*** INPUT RECORDS Section Begins ***
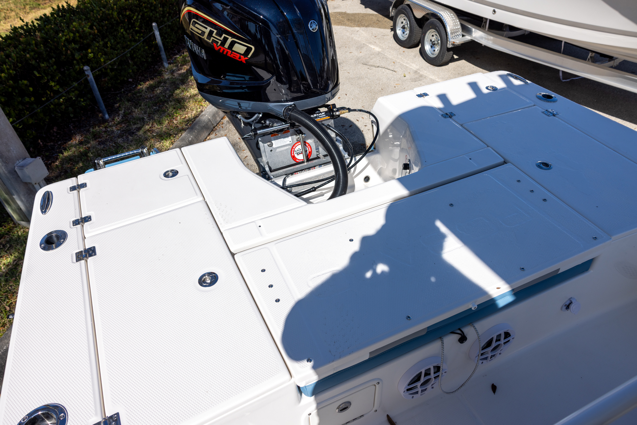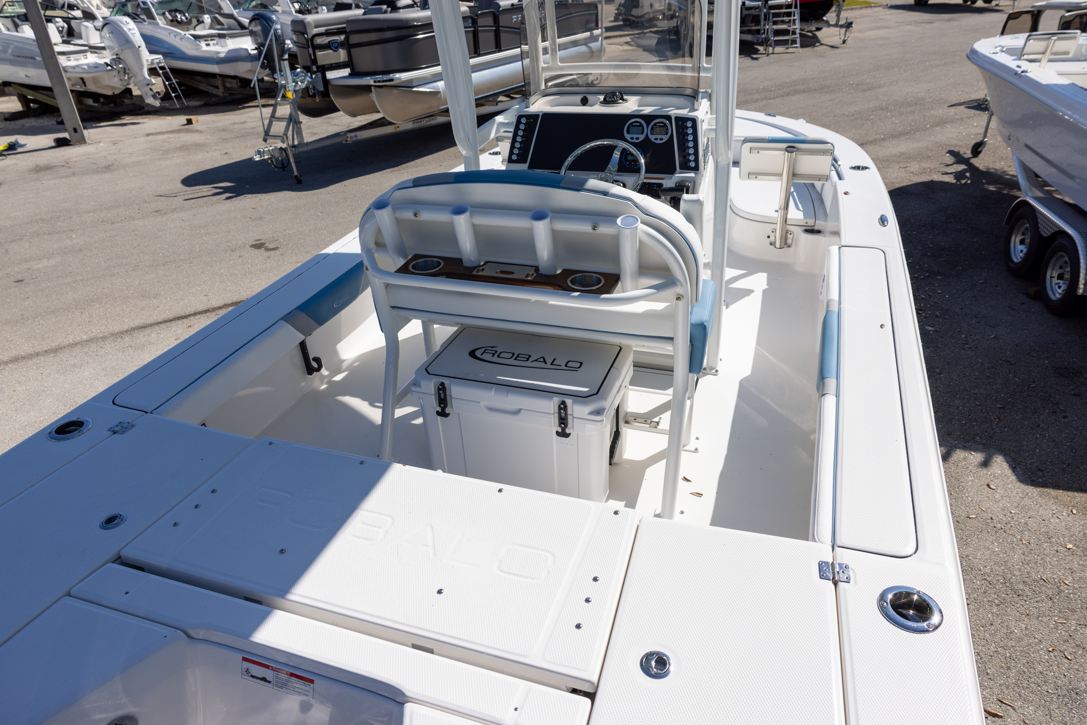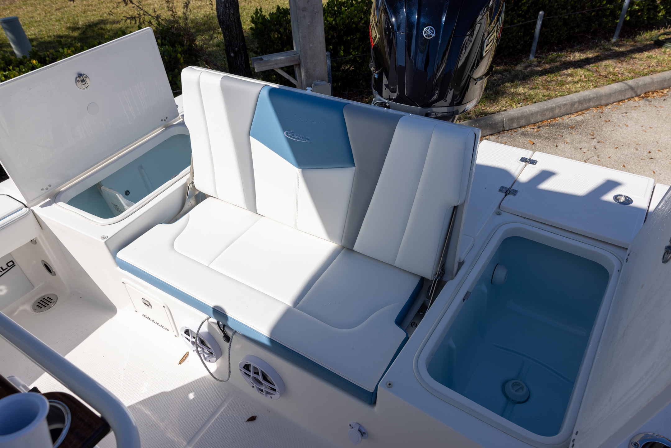 - Twin Aft Insulated Livewell/Fish Boxes (30 gallons) with Dedicated Livewell Pumps, LED lighting, Blue Gelcoat Finish, Adjustable Flow Valves and Plexiglass Divider
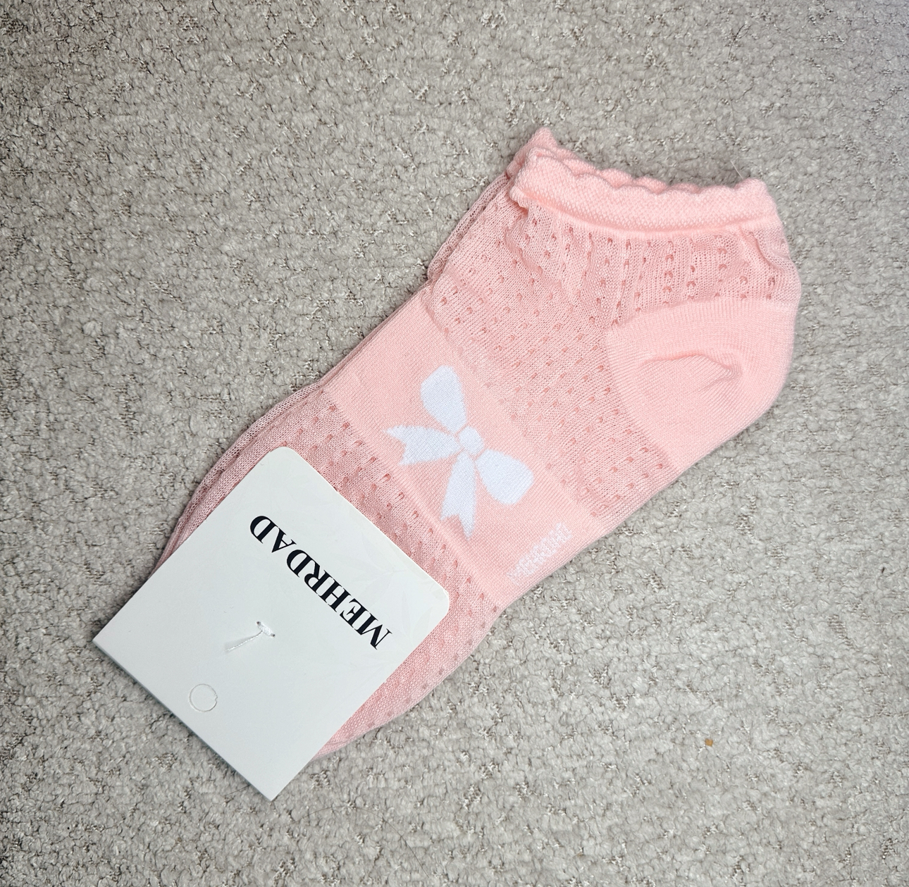 جوراب صورتی پاپیونی دخترونه ساق کوتاه | پاپیون سفید کیوت
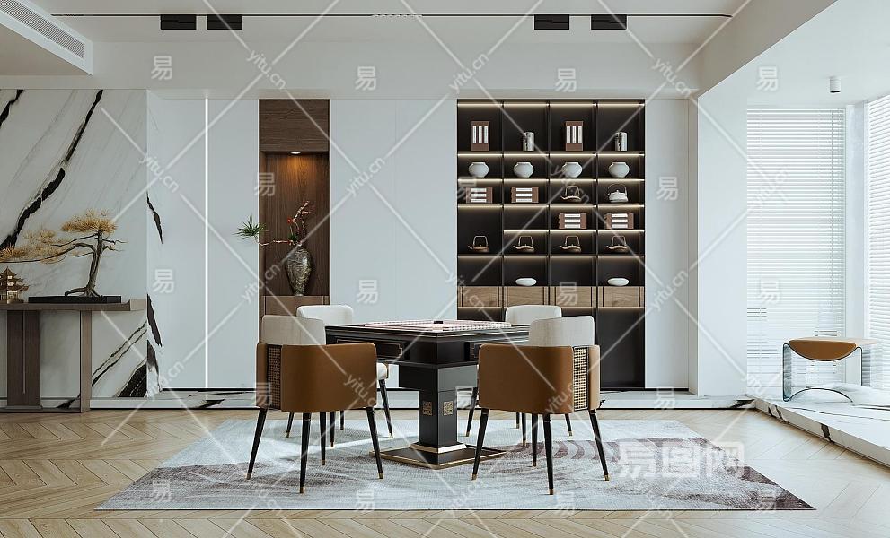 新中式棋牌室 麻将室 麻将桌椅 娱乐室 花瓶摆件
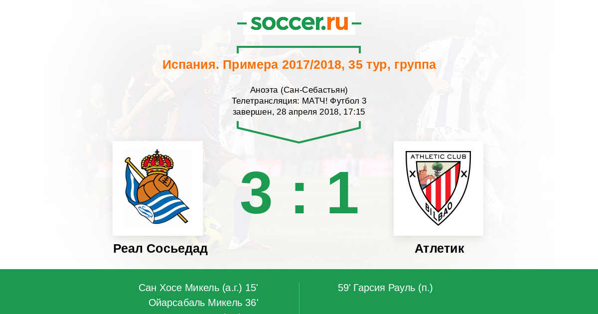 Обидно свои ворота поразил Микел Сан Хосе (Атлетик). Он хотел прервать прострел, но получился автогол.
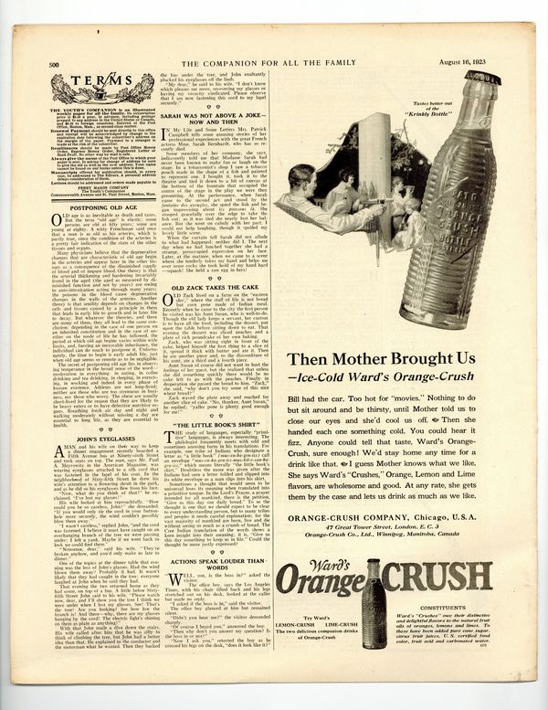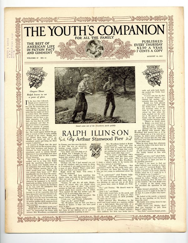 Volume 97, Issue 33 - August 16, 1923. Cover by Emlen McConnell. This issue's stories include; "Ralph Illinson: Chapter III" by Arthur Stanwood Pier, "A Change of Diet" by Edwin Cole, "More Than Raiment" by Ida J. Burgess, "Stopping a Squealer" by Hugh F. Grinstead, and more. 11" x 13.5", 16 pages, B&W. Cover price $0.07.
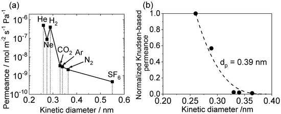 The data for the different gases (Figure 7a) can be analyzed by a normalized Knudsen-based permeance method [20]. The method is derived from the gas translation model. First, the gas permeances of the various gases with different kinetic diameters were converted to normalized Knudsen permeances using Equation (5). The obtained results were then plotted as a function of molecular size (Figure 7b). Finally, Equation (6) was used to fit the experimental data, using dp as fitting parameter.
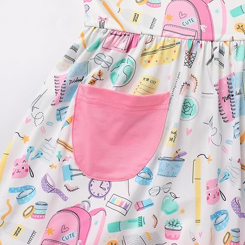BACK TO SCHOOL DRESS: Such a delightful nod to school day, this colorful-hued first day of school dress is so full of boho-chic charm! The sleeveless are adorned with apple, pencil, book, rainbow, and school bag design, and the skirt feature midi detailing with a subtle twirl swing look.
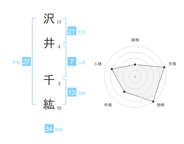 沢井 千紘さんを姓名の画数から五運を鑑定
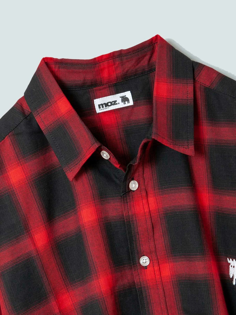 左胸にブランドアイコンのエルクをワンポイント刺繍で落とし込んだ、シンプルなデザインのチェックシャツ。
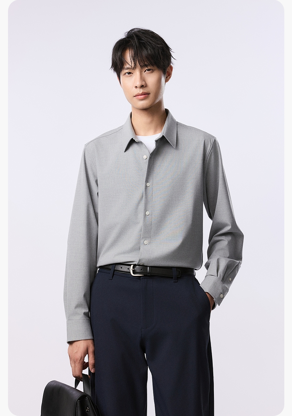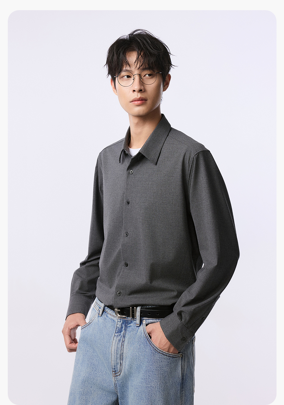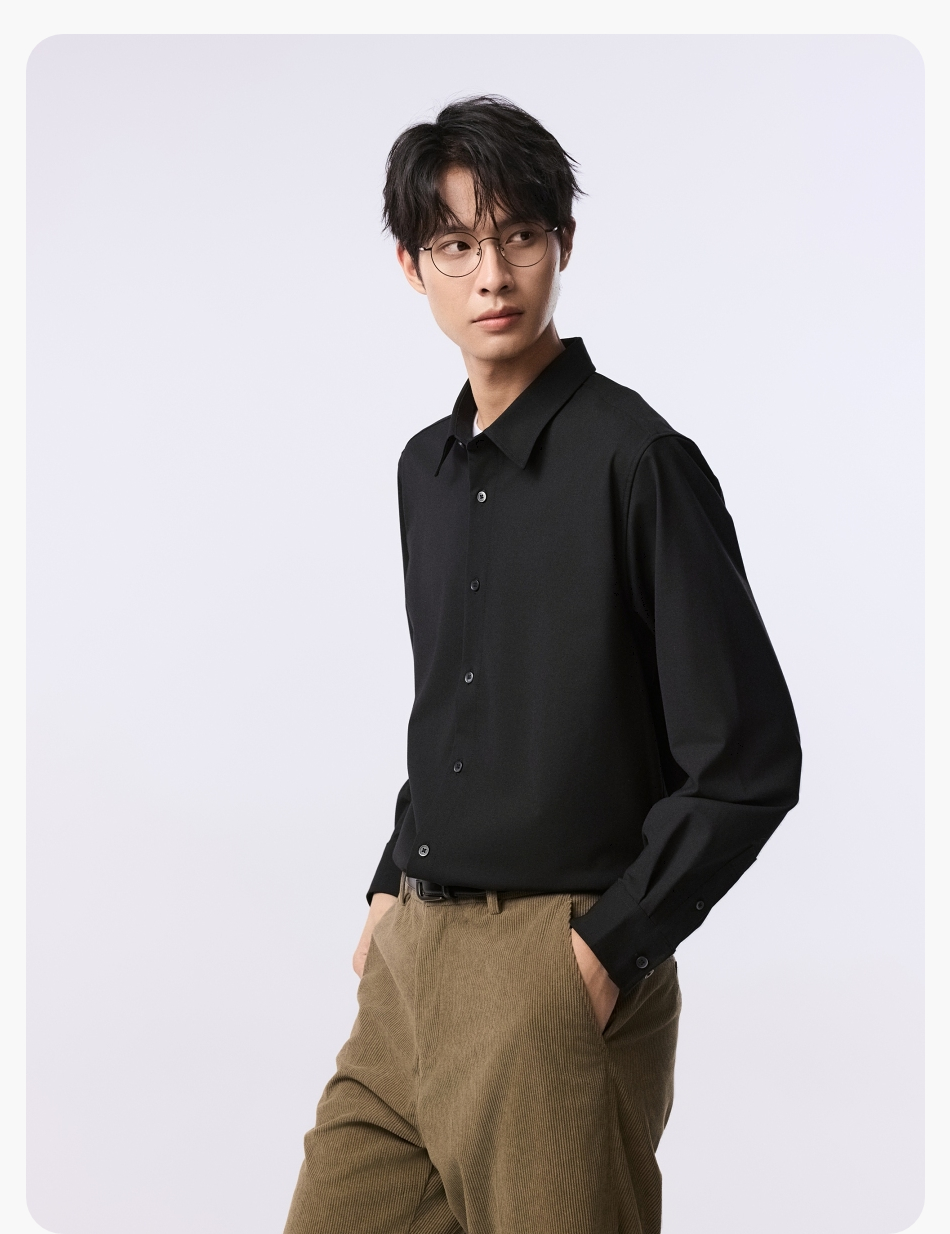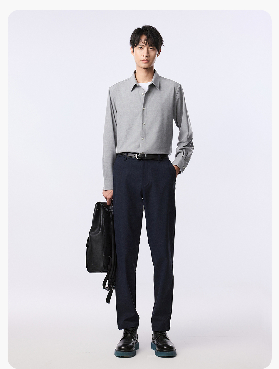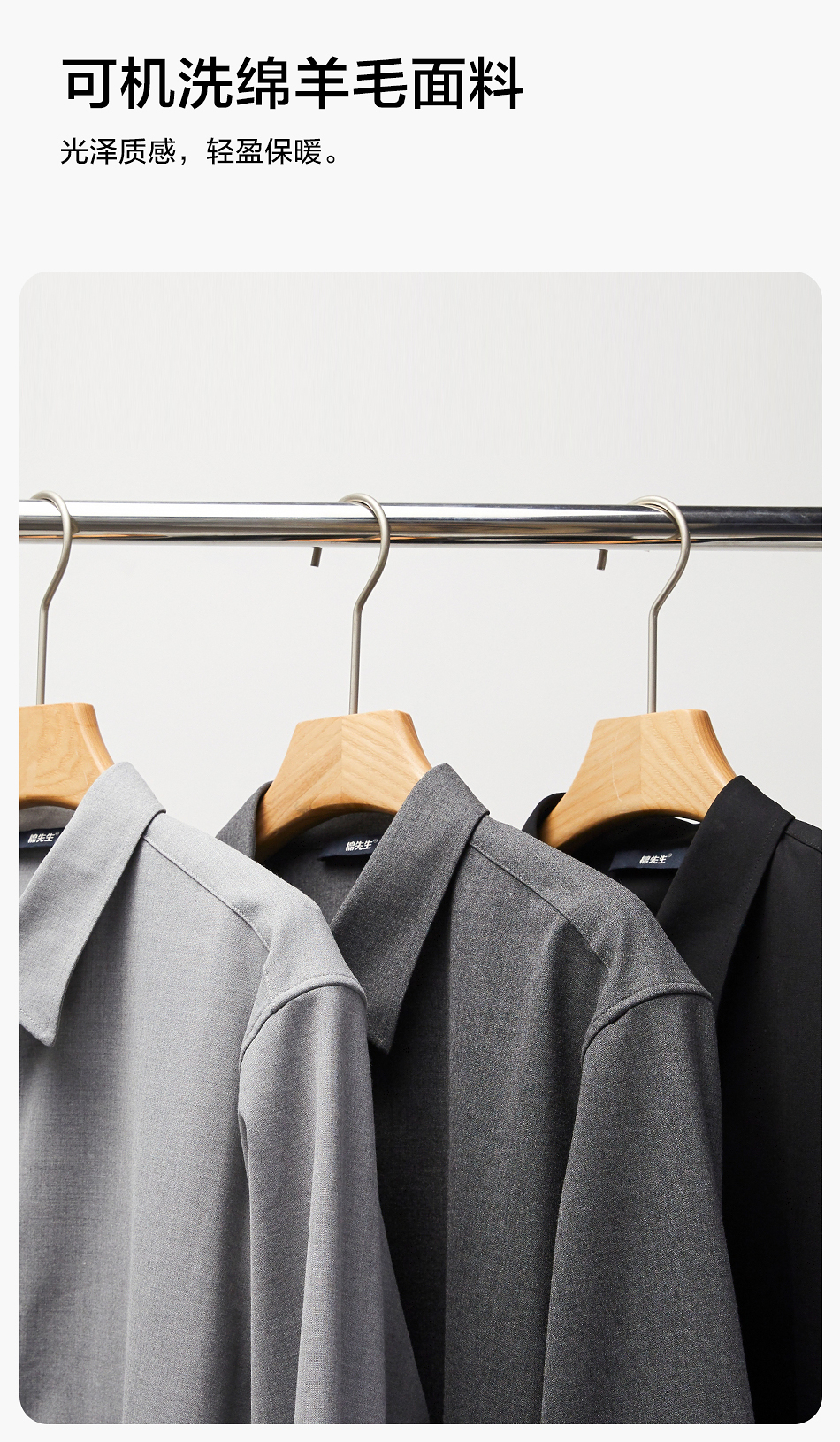 棉仓356804001-合体正肩版含羊毛TR弹翻领长袖衬衫
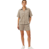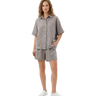The set includes relaxed shorts with an elastic waistband and practical side pockets, paired with a loose, breathable shirt for an easy, polished look.
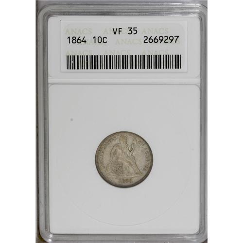1864 10C VF35 ANACS. This low mintage Civil War issue 1864[10C] VF35 ANACS.
*** INPUT RECORDS Section Ends ***
(TO DO): Write out the listing above exactly as it stands, pictures excluded.

(ANSWER FOR THE TASK):
 - Twin Aft Insulated Livewell/Fish Boxes (30 gallons) with Dedicated Livewell Pumps, LED lighting, Blue Gelcoat Finish, Adjustable Flow Valves and Plexiglass Divider
 جوراب صورتی پاپیونی دخترونه ساق کوتاه | پاپیون سفید کیوت
 新中式棋牌室 麻将室 麻将桌椅 娱乐室 花瓶摆件
 Обидно свои ворота поразил Микел Сан Хосе (Атлетик). Он хотел прервать прострел, но получился автогол.
 Volume 97, Issue 33 - August 16, 1923. Cover by Emlen McConnell. This issue's stories include; "Ralph Illinson: Chapter III" by Arthur Stanwood Pier, "A Change of Diet" by Edwin Cole, "More Than Raiment" by Ida J. Burgess, "Stopping a Squealer" by Hugh F. Grinstead, and more. 11" x 13.5", 16 pages, B&W. Cover price $0.07.
 The data for the different gases (Figure 7a) can be analyzed by a normalized Knudsen-based permeance method [20]. The method is derived from the gas translation model. First, the gas permeances of the various gases with different kinetic diameters were converted to normalized Knudsen permeances using Equation (5). The obtained results were then plotted as a function of molecular size (Figure 7b). Finally, Equation (6) was used to fit the experimental data, using dp as fitting parameter.
BACK TO SCHOOL DRESS: Such a delightful nod to school day, this colorful-hued first day of school dress is so full of boho-chic charm! The sleeveless are adorned with apple, pencil, book, rainbow, and school bag design, and the skirt feature midi detailing with a subtle twirl swing look.
 沢井 千紘さんを姓名の画数から五運を鑑定
 左胸にブランドアイコンのエルクをワンポイント刺繍で落とし込んだ、シンプルなデザインのチェックシャツ。
 棉仓356804001-合体正肩版含羊毛TR弹翻领长袖衬衫
The set includes relaxed shorts with an elastic waistband and practical side pockets, paired with a loose, breathable shirt for an easy, polished look.
1864 10C VF35 ANACS. This low mintage Civil War issue 1864[10C] VF35 ANACS.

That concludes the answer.